My First Astronomy Classes: Robert Brownlee and R Scuti
I remember the very first day (September, 1950) that I taught the elementary course in descriptive astronomy, known formally as Descriptive Astronomy 12. The class numbered about thirty. Such a course is not easy to teach (especially the first time), because the concepts are quite new to most of the students; another part of the difficulty is clarifying old ideas that are imperfectly understood.

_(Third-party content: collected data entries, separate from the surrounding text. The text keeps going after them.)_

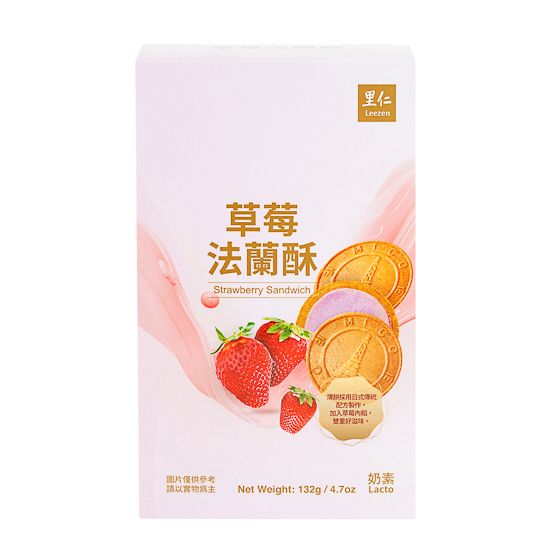 商品成份:麵粉、砂糖、棕櫚油[棕櫚油、抗氧化劑-維生素E(混合濃縮生育醇、芥花油)]、奶粉、乳清粉、無鹽奶油、草莓粉、碳酸氫鈉(小蘇打)、食鹽、檸檬酸、DL-蘋果酸。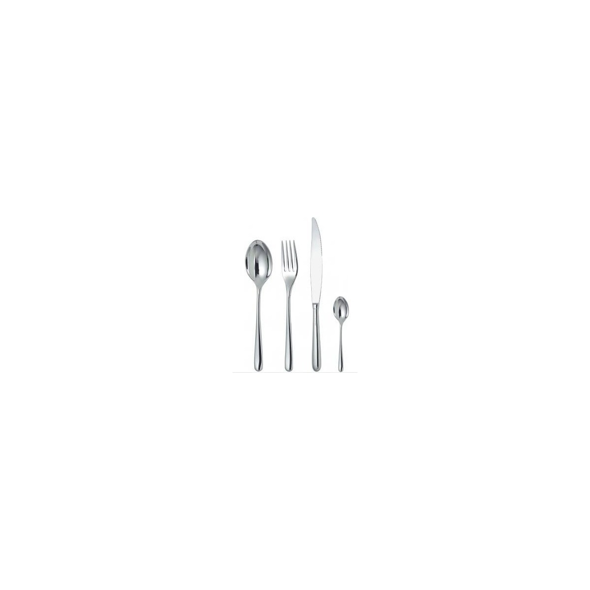 Servizio di posate composto da sei cucchiaini da tavola, sei forchette da tavola, 4 rebbi, sei coltelli da tavola, sei cucchiaini da tè in acciaio inossidabile disegnate dai designer Luigi Caccia, Livio e Pier Giacomo Castiglioni.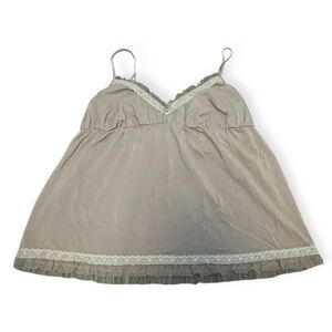 Victoria’s Secret women’s gray knit soft sleep camisole with delicate lace trim and ruffle accents. Features adjustable spaghetti straps and a flattering empire waist cut for a cozy yet feminine fit. Perfect for sleepwear, lounging, or layering for a Y2K-inspired look.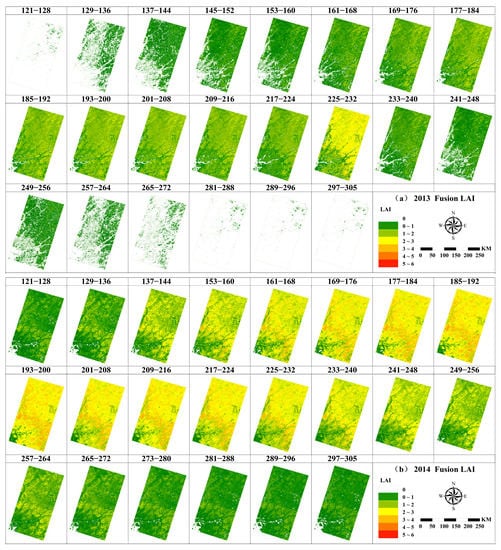 Based on the STARFM fusion model, forest stands vegetation growth period (from the 121st to the 305th day of each year) LAI long-term image series with a spatial resolution of 30 m and temporal resolutions of 8d in the study area from 2013 to 2017 were obtained. The details of the temporal and spatial distribution are shown in Figure 8.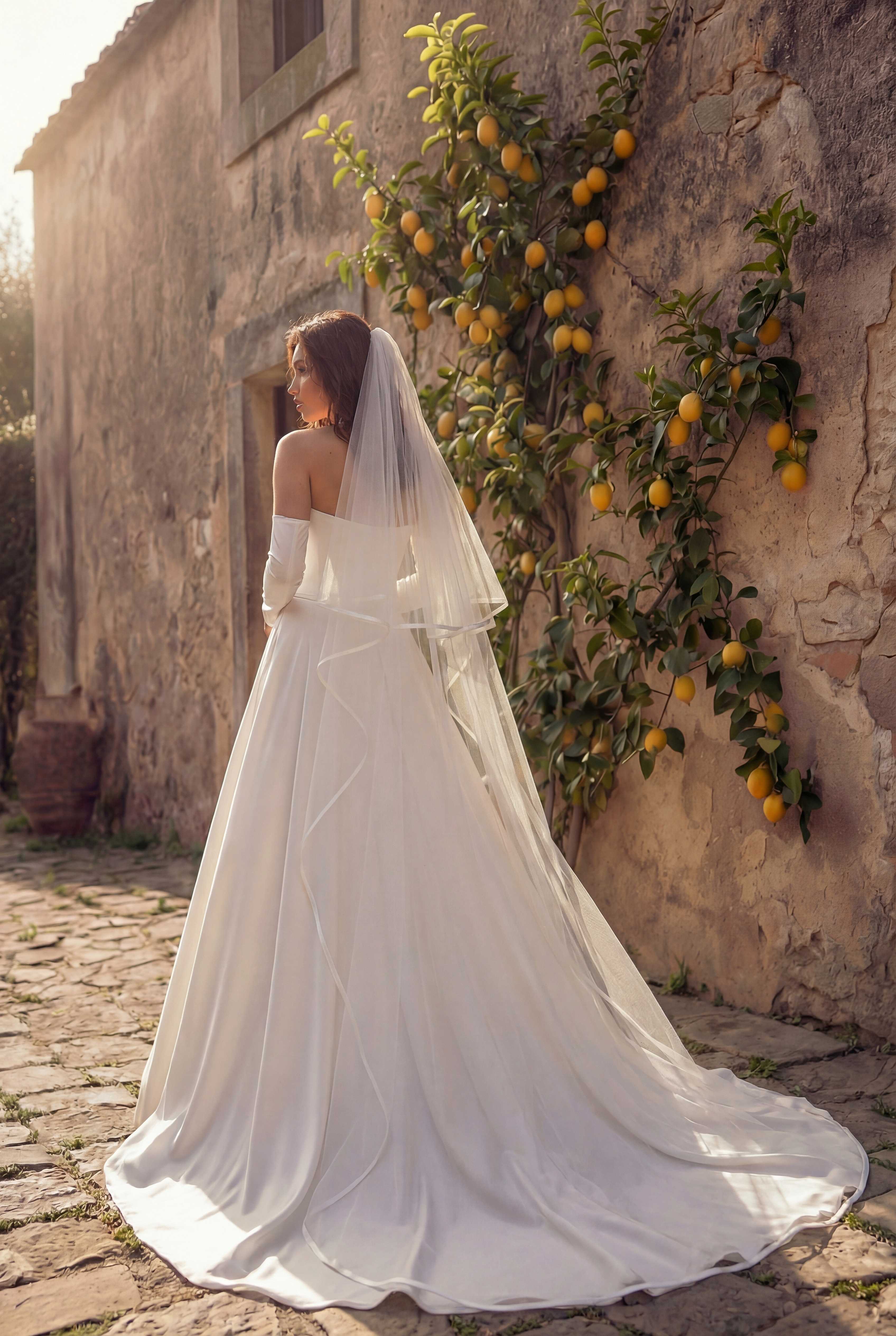 Фата с шелковой атласной лентой в ассортименте от 8.500 до 12.500. Стоимость варьируется от длины фаты. На фото фата размером 2*3м. ...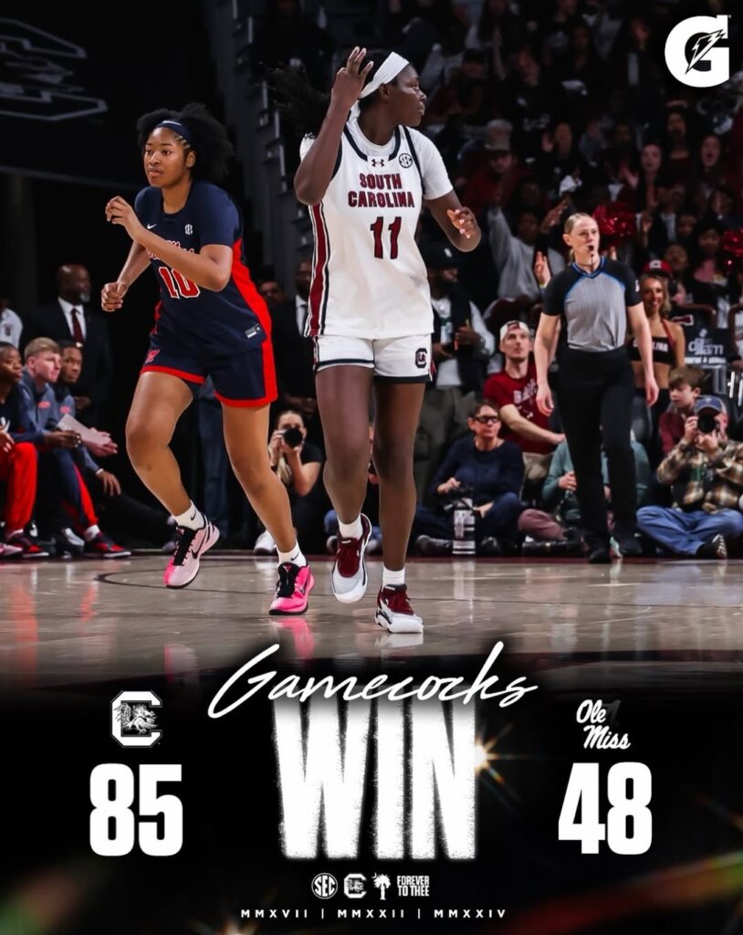 The Gamecocks went on a 12-2 run in the second quarter to seize complete control of the game, and then — in case anyone thought Ole Miss might recover — they emphatically closed the door with a 15-3 run in the third quarter to turn the contest into a blowout. By the time the fourth quarter arrived, the result had long been decided. This was not a game that hung in the balance. This was a program asserting its will.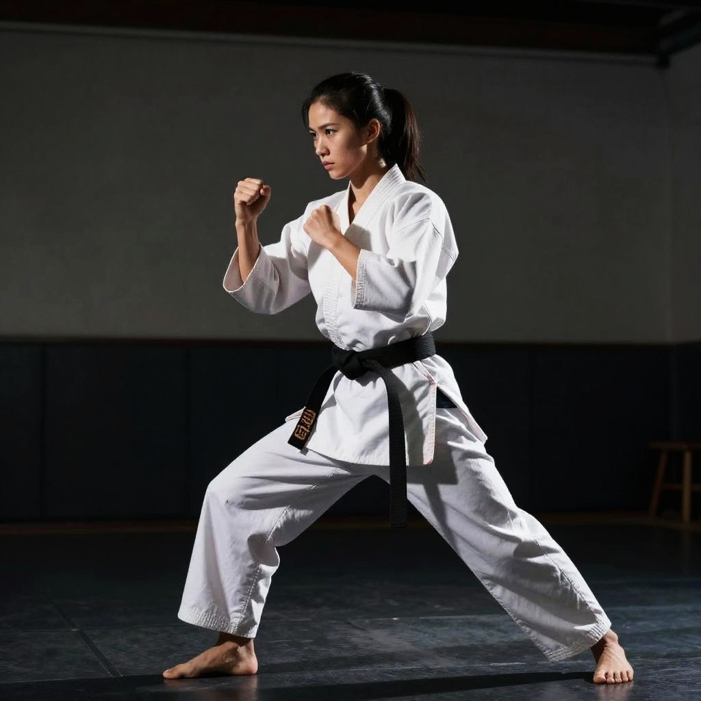 Photograph of a young woman with medium skin tone and black hair in a ponytail, performing a karate stance. She wears a white karate gi with a black belt tied at the waist, and is barefoot on a dark, matte-finish floor. Her right arm is bent with a clenched fist near her chest, while her left arm is extended downward. The background is dimly lit, with a dark wall and some indistinct shadows, emphasizing her focused expression and athletic stance. The image highlights her discipline and strength.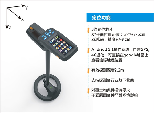 该定位仪性能稳定,操作简单,预装目前最流行的Android操作系统,便于客户二次开发,可广泛应用于电力、通信、煤气等地下管线的定位标识和数字化管理。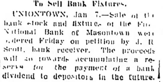 To Sell Bank Fixtures. ... National Bank Masontown of bank receiver. The proceeds accumulating payment bank dividend to depositors In the future.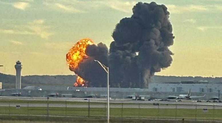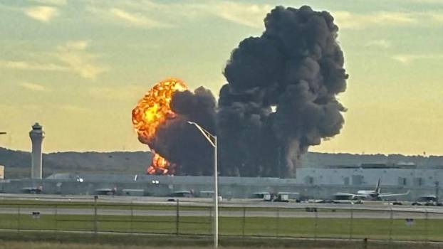 Snimke s mjesta nesreće prikazuju ogroman plamen i crni dim u blizini aerodroma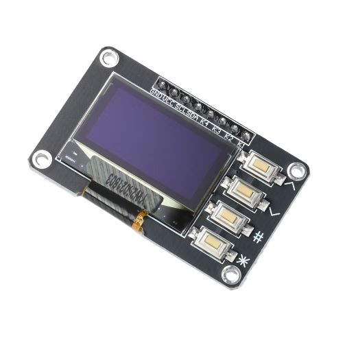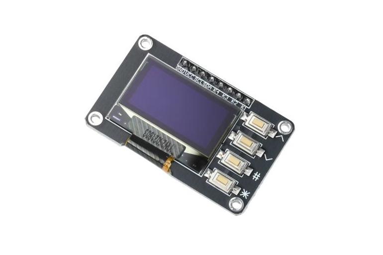 Display OLED da 0,96 pollici bianco con interfaccia I2C combinato con quattro pulsanti, display e pulsanti non sono correlati ma sono posizionati sulla stessa scheda per formare un modulo integrato, sui pin a bordo scheda sono disponibili i segnali necessari per il controllo display e quelle dei due pulsanti.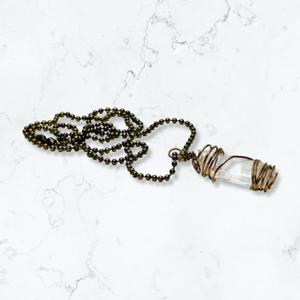 Brass Wire Wrapped Clear Crystal Hexagon Pendant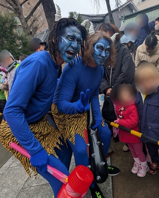 「2025年も園児の皆さんに風邪などひかず元気に過ごしてもらおう」と地元葛飾区内の保育園の節分豆まき会に岡野&高木「南葛青鬼」が参加。「鬼はそと福はうち」の掛け声で、南葛SC選手と一緒に園児の皆さんから2人の青鬼に思いっきり豆をぶつけて邪気退散してもらいます!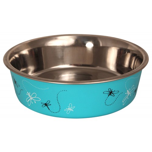 Стильная круглая миска из нержавеющей стали для кошек и собак небольших пород. Она идеально подходит как для воды, так и для корма разной консистенции. Миска комфортна для питомца и легко моется под струей проточной воды с использованием моющих бытовых средств. Прорезиненное основание обеспечивает максимальную устойчивость, препятствуя скольжению изделия во время использования, а оригинальный принт сделает такую миску украшением любого интерьера. Цвет изделия: голубой. Объем: 0,75л. Размеры: 175*175*50мм.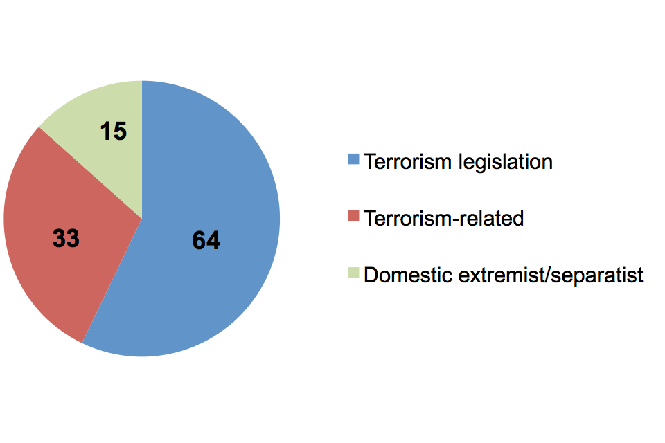 Since 11 September 2001, 516 persons have been charged with terrorism-related offences, of which 431 were prosecuted. Of these, 195 were convicted under terrorism legislation and a further 135 were convicted of non-TACT offences. In total, 64% of persons charged with terrorism-related offences have been convicted since 11 September 2001; however, this rate is likely to change depending on the outcome of cases for 15 persons awaiting prosecution at the time of publication.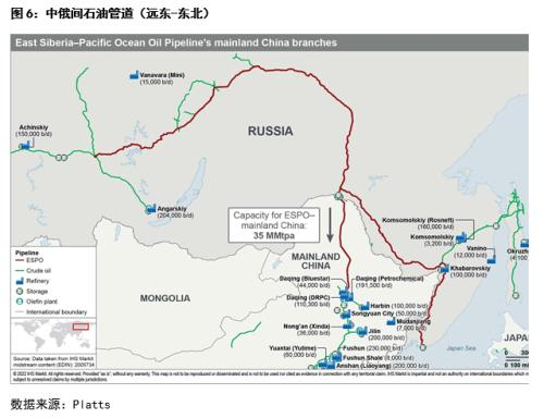 与世界其他主要石油出口国不同,俄罗斯可以通过中部和远东两条石油管道向我国运输原油,中部管道经阿拉山口进入我国新疆,设计运量为2000万吨/年(约合40万桶/日),远东管道则直接进入我国东北,设计运量为3500万吨/年(约合70万桶/日),两条管道合计运量为110万桶/天。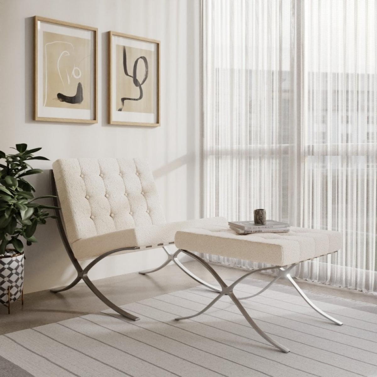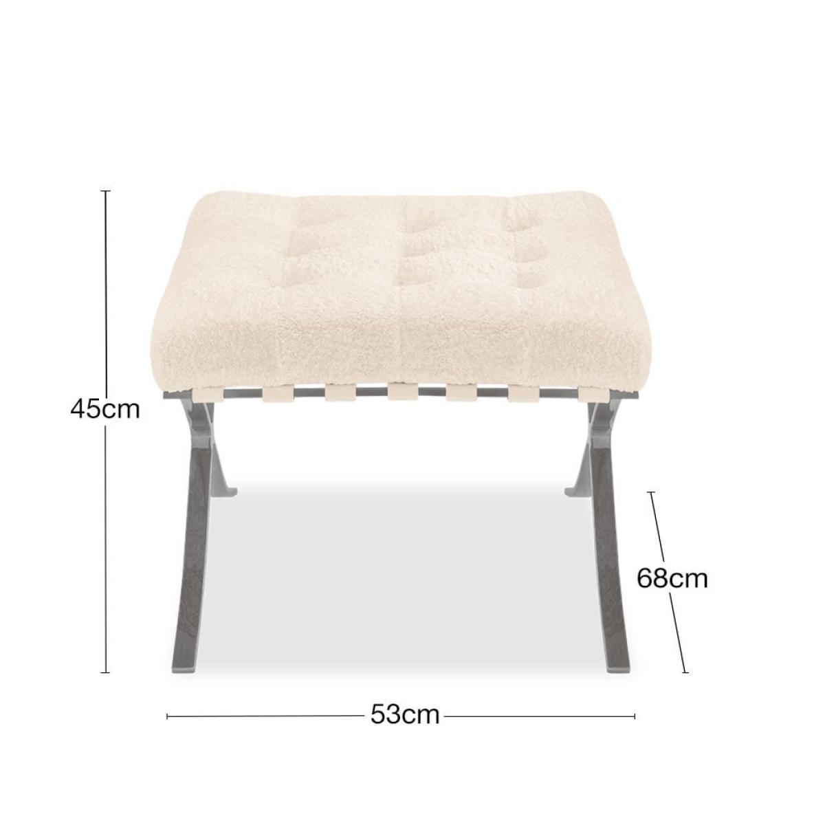 A timeless piece, this ivory white lounge stool is inspired by the "less is more" design. Packed with mid-century style the simple elegance of this chair adds a sophisticated look to any room. The Cagney stool has a quilted padded boucle cushioning making it perfect for the home, office or waiting rooms. Available in a boucle with chrome and chrome black legs, the Cagney stool is an icon of Barcelona modernist design, and we love it!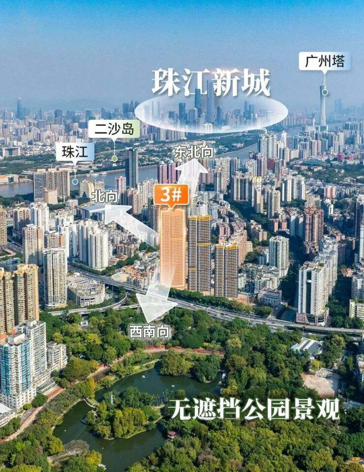 景观升级:东望中大、广州塔;北望二沙岛珠城,西南向直望晓港公园
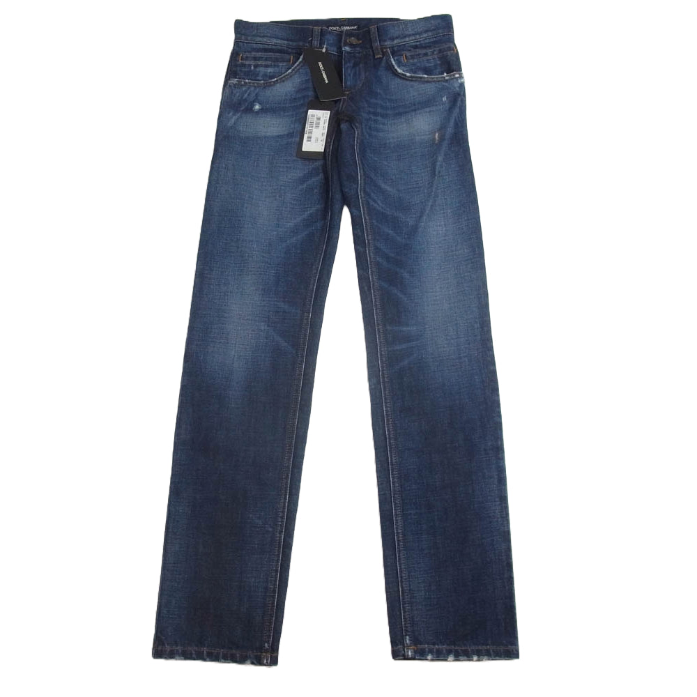 DOLCE&GABBANA ドルチェアンドガッバーナ GZN9BD ヴィンテージ ダメージ 加工 ロゴ 隠し メタル プレート インディゴ デニム パンツ インディゴブルー系 44【新古品】【未使用】【中古】

My first astronomy question posed to the class was simply: "Which way is 'up'?" As I recall, none of the students could answer that question correctly; I'm sure this irritated some of them, because of the implication that "they were so dumb that they didn't know which way was up!" Thereafter I used this same question to commence every beginning class that I taught.
During that year I also taught Orbit Computation and Astrophysics to four astronomy majors including Robert Brownlee, a former B-29 navigator in the Pacific theatre of war, who had been a teaching assistant for Storer the previous year, and would become "my" first M.A. candidate student. Again, I was able to make use of my Yerkes connection, this time in the form of Dr. Bidelman, who kindly lent us a McDonald Observatory spectrogram of the variable supergiant R Scuti taken at minimum light. Brownlee made a thorough identification of the lines, which was quite an arduous job. It was necessary to do this via the various multiplets (thank goodness for the existence of the Russell-Moore tables!), and we all learned much from the experience. Brownlee received his M.A. in 1951, and then continued his studies at the University of Indiana for his Ph.D.
He then joined the Nuclear Testing Division (J-Division) of the Los Alamos Scientific Laboratory, and participated in various air and underground tests, eventually becoming the Assistant J-Division Leader, and later the Earth Sciences (G-Division) Leader. Brownlee, now retired, lives with his wife Adeleah in Loveland, CO. They were married in 1943, and have five grown children, one of whom holds the rank of Captain in the Los Alamos Police Department.
My first summer at K.U. (1951, the same summer that Brownlee got his M.A.) was spent writing a paper on RZ Cassiopeia, a spectroscopic binary. Struve had taken 89 plates of this variable at the McDonald Observatory, measured the first two, and I had completed the rest just before leaving Yerkes. Then, at K.U., I calculated the orbital elements and their probable errors; in those days it required about a week to do this. I sent my preliminary manuscript to Struve as a joint paper with his name first, but in reply he insisted that I be the sole author; this was typical of his generosity. I remember that I worked very hard preparing the final version for publication, and I had just finished the touchy task of pasting my prints of typical spectra into position on one thicker-than-average page. I left the page on top my desk to dry, while I went to teach a class in the large lecture hall downstairs. When I returned, what did I find? Crossing some of my spectra was a lengthy ink blot that ruined my good work! I must have voiced the appropriate epithets, for I heard laughter from across the room, where Bob Brownlee and a couple of students were standing at the blackboard; they had tricked me by placing one of those confounded artificial "ink spots" on top my spectra!! The relief was immense, but I considered buying a "cat- o'- nine- tails" whip.